### [EXERCISE]
Output each entry exactly as written.

[Items from a dataset]
========================================

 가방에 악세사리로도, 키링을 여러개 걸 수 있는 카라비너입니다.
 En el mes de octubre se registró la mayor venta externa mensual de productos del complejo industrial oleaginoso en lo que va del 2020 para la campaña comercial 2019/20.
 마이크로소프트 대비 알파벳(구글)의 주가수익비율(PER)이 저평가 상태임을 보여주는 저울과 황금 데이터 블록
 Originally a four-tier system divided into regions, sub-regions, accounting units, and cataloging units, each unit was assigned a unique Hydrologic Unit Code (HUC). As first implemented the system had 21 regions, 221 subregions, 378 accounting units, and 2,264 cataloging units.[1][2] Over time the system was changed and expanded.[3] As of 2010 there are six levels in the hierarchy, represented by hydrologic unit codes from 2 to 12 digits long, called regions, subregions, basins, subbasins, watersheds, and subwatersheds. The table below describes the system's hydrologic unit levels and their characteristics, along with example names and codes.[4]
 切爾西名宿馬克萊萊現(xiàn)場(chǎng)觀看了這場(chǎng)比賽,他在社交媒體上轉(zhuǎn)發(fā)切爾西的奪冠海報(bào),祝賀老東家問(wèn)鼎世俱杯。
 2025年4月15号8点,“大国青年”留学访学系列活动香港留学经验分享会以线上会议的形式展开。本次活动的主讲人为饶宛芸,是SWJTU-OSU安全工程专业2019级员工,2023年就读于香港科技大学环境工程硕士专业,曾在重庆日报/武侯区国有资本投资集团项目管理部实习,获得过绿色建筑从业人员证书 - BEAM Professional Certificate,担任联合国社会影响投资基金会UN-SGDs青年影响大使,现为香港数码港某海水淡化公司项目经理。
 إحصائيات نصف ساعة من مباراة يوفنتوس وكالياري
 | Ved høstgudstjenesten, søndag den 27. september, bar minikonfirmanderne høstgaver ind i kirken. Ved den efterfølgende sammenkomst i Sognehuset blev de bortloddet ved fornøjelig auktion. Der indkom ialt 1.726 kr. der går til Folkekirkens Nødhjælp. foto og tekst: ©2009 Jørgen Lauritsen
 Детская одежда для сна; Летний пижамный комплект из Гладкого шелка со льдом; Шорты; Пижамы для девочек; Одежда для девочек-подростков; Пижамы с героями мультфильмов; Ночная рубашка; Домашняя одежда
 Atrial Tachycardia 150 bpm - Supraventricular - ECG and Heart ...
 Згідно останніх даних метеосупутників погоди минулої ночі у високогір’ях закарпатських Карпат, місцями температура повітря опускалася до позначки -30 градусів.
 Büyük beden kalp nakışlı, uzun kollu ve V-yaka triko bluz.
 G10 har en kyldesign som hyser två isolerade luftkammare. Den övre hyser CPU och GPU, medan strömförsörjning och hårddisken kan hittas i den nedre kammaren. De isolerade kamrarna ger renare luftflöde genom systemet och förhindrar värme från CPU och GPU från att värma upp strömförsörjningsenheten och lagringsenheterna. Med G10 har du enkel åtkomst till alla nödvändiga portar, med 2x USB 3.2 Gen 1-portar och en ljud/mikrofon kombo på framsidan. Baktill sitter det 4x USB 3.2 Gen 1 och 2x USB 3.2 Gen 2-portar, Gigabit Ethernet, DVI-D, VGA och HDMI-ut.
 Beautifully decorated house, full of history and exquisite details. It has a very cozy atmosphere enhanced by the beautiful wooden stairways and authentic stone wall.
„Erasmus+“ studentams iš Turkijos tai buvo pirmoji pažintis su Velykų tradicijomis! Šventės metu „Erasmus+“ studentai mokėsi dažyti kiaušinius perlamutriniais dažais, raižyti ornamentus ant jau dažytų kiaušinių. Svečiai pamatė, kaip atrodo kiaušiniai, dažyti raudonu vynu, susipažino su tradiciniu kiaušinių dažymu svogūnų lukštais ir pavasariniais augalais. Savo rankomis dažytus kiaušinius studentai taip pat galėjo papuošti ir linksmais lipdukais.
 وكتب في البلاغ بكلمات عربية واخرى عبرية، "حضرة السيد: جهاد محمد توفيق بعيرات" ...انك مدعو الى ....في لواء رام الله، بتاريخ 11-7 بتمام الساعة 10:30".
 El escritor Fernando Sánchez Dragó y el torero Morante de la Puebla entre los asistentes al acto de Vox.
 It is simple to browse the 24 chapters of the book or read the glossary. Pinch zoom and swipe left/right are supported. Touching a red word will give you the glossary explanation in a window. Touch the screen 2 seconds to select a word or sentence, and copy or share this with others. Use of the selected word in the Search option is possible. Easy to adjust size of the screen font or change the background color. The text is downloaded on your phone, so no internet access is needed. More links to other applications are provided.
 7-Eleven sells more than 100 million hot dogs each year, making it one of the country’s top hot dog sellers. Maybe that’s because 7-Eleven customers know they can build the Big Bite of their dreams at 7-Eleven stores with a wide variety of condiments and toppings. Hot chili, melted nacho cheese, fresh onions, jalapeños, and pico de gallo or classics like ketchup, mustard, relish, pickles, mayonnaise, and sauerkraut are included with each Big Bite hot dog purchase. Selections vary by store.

========================================

### [ANSWER SPACE]
 가방에 악세사리로도, 키링을 여러개 걸 수 있는 카라비너입니다.
 En el mes de octubre se registró la mayor venta externa mensual de productos del complejo industrial oleaginoso en lo que va del 2020 para la campaña comercial 2019/20.
 마이크로소프트 대비 알파벳(구글)의 주가수익비율(PER)이 저평가 상태임을 보여주는 저울과 황금 데이터 블록
 Originally a four-tier system divided into regions, sub-regions, accounting units, and cataloging units, each unit was assigned a unique Hydrologic Unit Code (HUC). As first implemented the system had 21 regions, 221 subregions, 378 accounting units, and 2,264 cataloging units.[1][2] Over time the system was changed and expanded.[3] As of 2010 there are six levels in the hierarchy, represented by hydrologic unit codes from 2 to 12 digits long, called regions, subregions, basins, subbasins, watersheds, and subwatersheds. The table below describes the system's hydrologic unit levels and their characteristics, along with example names and codes.[4]
 切爾西名宿馬克萊萊現(xiàn)場(chǎng)觀看了這場(chǎng)比賽,他在社交媒體上轉(zhuǎn)發(fā)切爾西的奪冠海報(bào),祝賀老東家問(wèn)鼎世俱杯。
 2025年4月15号8点,“大国青年”留学访学系列活动香港留学经验分享会以线上会议的形式展开。本次活动的主讲人为饶宛芸,是SWJTU-OSU安全工程专业2019级员工,2023年就读于香港科技大学环境工程硕士专业,曾在重庆日报/武侯区国有资本投资集团项目管理部实习,获得过绿色建筑从业人员证书 - BEAM Professional Certificate,担任联合国社会影响投资基金会UN-SGDs青年影响大使,现为香港数码港某海水淡化公司项目经理。
 إحصائيات نصف ساعة من مباراة يوفنتوس وكالياري
 | Ved høstgudstjenesten, søndag den 27. september, bar minikonfirmanderne høstgaver ind i kirken. Ved den efterfølgende sammenkomst i Sognehuset blev de bortloddet ved fornøjelig auktion. Der indkom ialt 1.726 kr. der går til Folkekirkens Nødhjælp. foto og tekst: ©2009 Jørgen Lauritsen
 Детская одежда для сна; Летний пижамный комплект из Гладкого шелка со льдом; Шорты; Пижамы для девочек; Одежда для девочек-подростков; Пижамы с героями мультфильмов; Ночная рубашка; Домашняя одежда
 Atrial Tachycardia 150 bpm - Supraventricular - ECG and Heart ...
 Згідно останніх даних метеосупутників погоди минулої ночі у високогір’ях закарпатських Карпат, місцями температура повітря опускалася до позначки -30 градусів.
 Büyük beden kalp nakışlı, uzun kollu ve V-yaka triko bluz.
 G10 har en kyldesign som hyser två isolerade luftkammare. Den övre hyser CPU och GPU, medan strömförsörjning och hårddisken kan hittas i den nedre kammaren. De isolerade kamrarna ger renare luftflöde genom systemet och förhindrar värme från CPU och GPU från att värma upp strömförsörjningsenheten och lagringsenheterna. Med G10 har du enkel åtkomst till alla nödvändiga portar, med 2x USB 3.2 Gen 1-portar och en ljud/mikrofon kombo på framsidan. Baktill sitter det 4x USB 3.2 Gen 1 och 2x USB 3.2 Gen 2-portar, Gigabit Ethernet, DVI-D, VGA och HDMI-ut.
 Beautifully decorated house, full of history and exquisite details. It has a very cozy atmosphere enhanced by the beautiful wooden stairways and authentic stone wall.
„Erasmus+“ studentams iš Turkijos tai buvo pirmoji pažintis su Velykų tradicijomis! Šventės metu „Erasmus+“ studentai mokėsi dažyti kiaušinius perlamutriniais dažais, raižyti ornamentus ant jau dažytų kiaušinių. Svečiai pamatė, kaip atrodo kiaušiniai, dažyti raudonu vynu, susipažino su tradiciniu kiaušinių dažymu svogūnų lukštais ir pavasariniais augalais. Savo rankomis dažytus kiaušinius studentai taip pat galėjo papuošti ir linksmais lipdukais.
 وكتب في البلاغ بكلمات عربية واخرى عبرية، "حضرة السيد: جهاد محمد توفيق بعيرات" ...انك مدعو الى ....في لواء رام الله، بتاريخ 11-7 بتمام الساعة 10:30".
 El escritor Fernando Sánchez Dragó y el torero Morante de la Puebla entre los asistentes al acto de Vox.
 It is simple to browse the 24 chapters of the book or read the glossary. Pinch zoom and swipe left/right are supported. Touching a red word will give you the glossary explanation in a window. Touch the screen 2 seconds to select a word or sentence, and copy or share this with others. Use of the selected word in the Search option is possible. Easy to adjust size of the screen font or change the background color. The text is downloaded on your phone, so no internet access is needed. More links to other applications are provided.
 7-Eleven sells more than 100 million hot dogs each year, making it one of the country’s top hot dog sellers. Maybe that’s because 7-Eleven customers know they can build the Big Bite of their dreams at 7-Eleven stores with a wide variety of condiments and toppings. Hot chili, melted nacho cheese, fresh onions, jalapeños, and pico de gallo or classics like ketchup, mustard, relish, pickles, mayonnaise, and sauerkraut are included with each Big Bite hot dog purchase. Selections vary by store.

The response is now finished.